Infineon's notice alleges, among other things, that the purported
termination was based on Finisar's breach of the agreement. Finisar believes
that no such breach has taken place.

Prior to receiving Infineon's notice, Finisar had advised Infineon that its
Board of Directors was in the process of considering whether, in the proper
exercise of its fiduciary duties, it could continue to recommend the transaction
to Finisar's stockholders in light of a number of recent adverse developments in
Infineon's fiber optics business. The Board engaged in this re-examination of
its recommendation in compliance with the terms of the agreement.
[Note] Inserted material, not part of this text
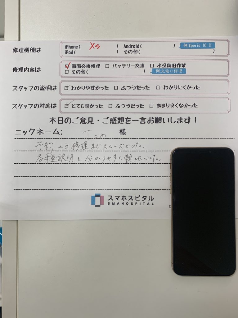 スマホスピタル横浜関内 【iPhoneXs】画面交換にてご利用のお客様からのコメント!
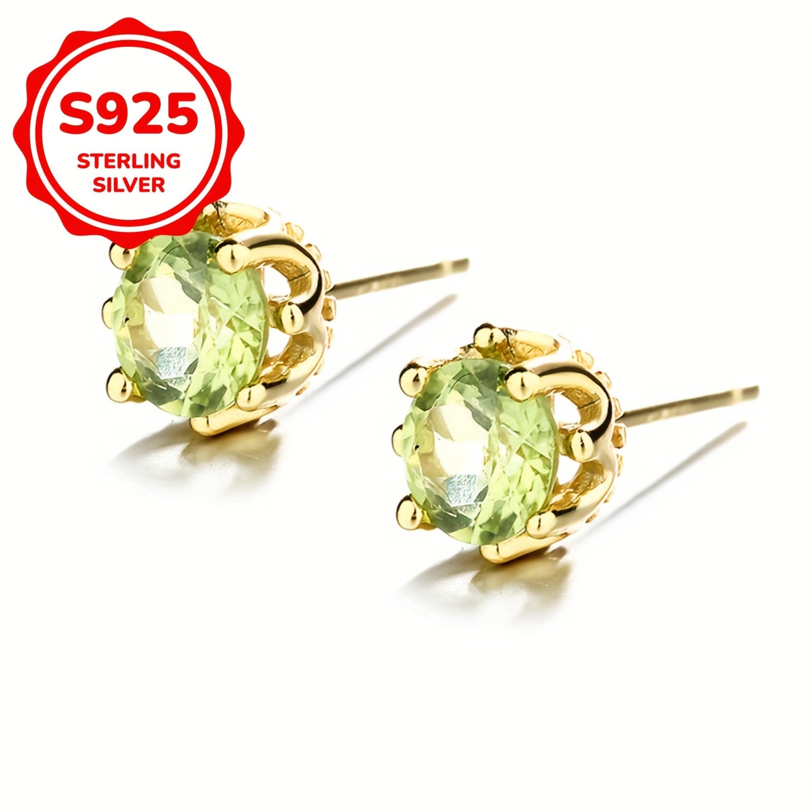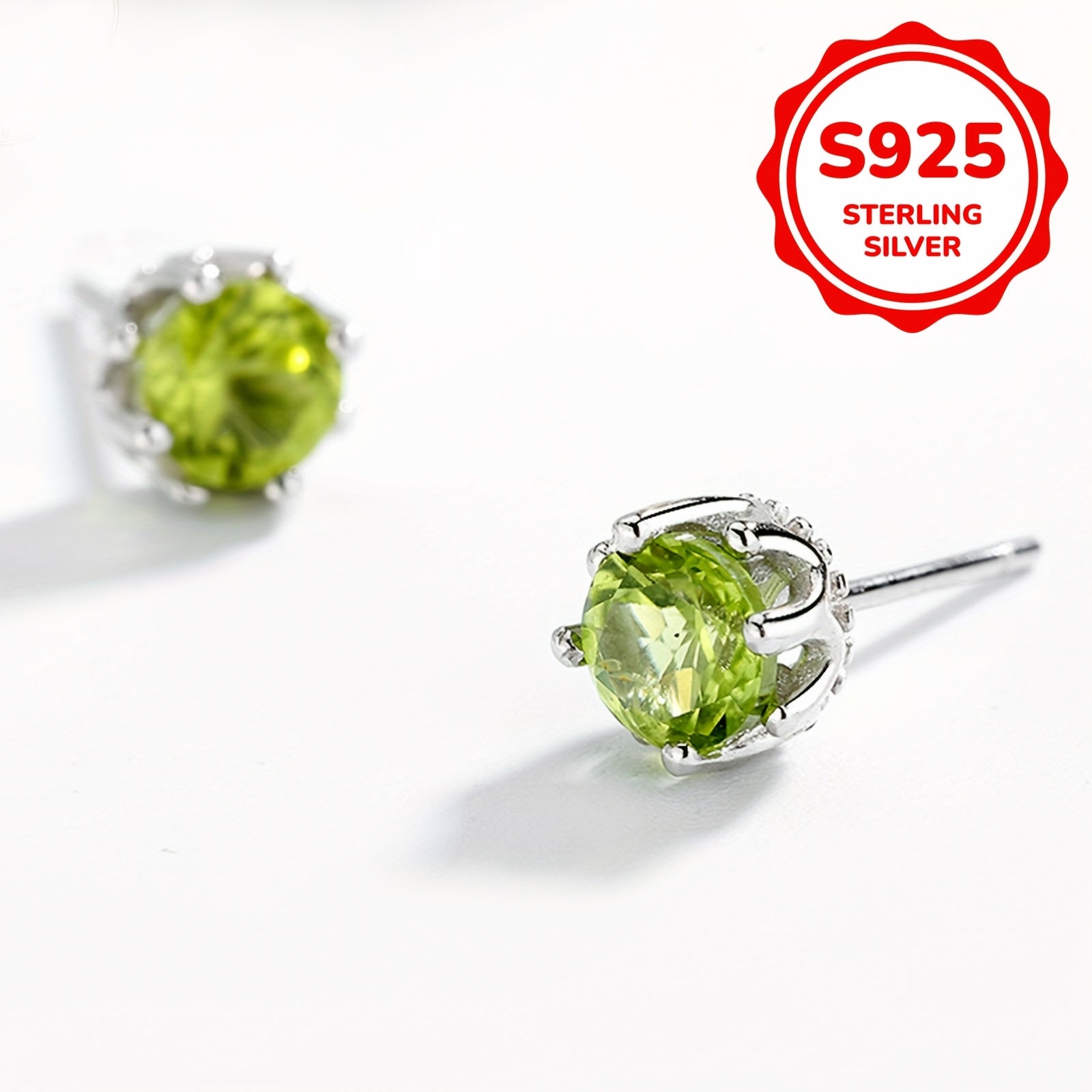 Enhance your look with these stunning vintage peridot stud earrings. Crafted with 925 silver plating, these earrings feature natural green peridot gemstones, making them a perfect birthstone accessory.

Finisar has repeatedly assured Infineon that it is prepared to fulfill its
obligations under the agreement, including bringing the transaction to a vote of
the Finisar stockholders whether or not the Board's recommendation is modified
or withdrawn.

Finisar intends to defend itself vigorously against any legal proceedings that
may be instituted by Infineon and to assert appropriate claims for recovery of
damages caused by Infineon.

ABOUT FINISAR

Finisar Corporation (NASDAQ: FNSR) is a technology leader for fiber optic
subsystems and network test and monitoring systems. These products enable
high-speed data communications for networking and storage applications over
Gigabit Ethernet local area networks (LANs), Fibre Channel storage area networks
(SANs), and metropolitan area networks (MANs) using both IP and SONET/SDH-based
protocols. The Company's headquarters is in Sunnyvale, California, USA.
www.Finisar.com.

FINISAR CORPORATION RESPONDS TO NOTICE BY INFINEON PURPORTING TO
TERMINATE AGREEMENT TO ACQUIRE INFINEON FIBER OPTICS BUSINESS
PAGE 2

SAFE HARBOR STATEMENT UNDER THE PRIVATE SECURITIES LITIGATION REFORM ACT OF 1955

Certain statements contained in this press release may constitute
forward-looking statements within the meaning of Section 21E of the Securities
Exchange Act of 1934, as amended, including statements regarding the status of
the purchase agreement between Finisar and Infineon. Forward-looking statements
involve risks and uncertainties, which could cause actual results to differ
materially from those projected. These uncertainties include risks associated
with the outcome of any potential arbitration or litigation proceeding that may
be instituted by either party. Other risks relating to Finisar's business are
set forth in Finisar's Annual Report on Form 10-K and other interim reports as
filed with the Securities and Exchange Commission.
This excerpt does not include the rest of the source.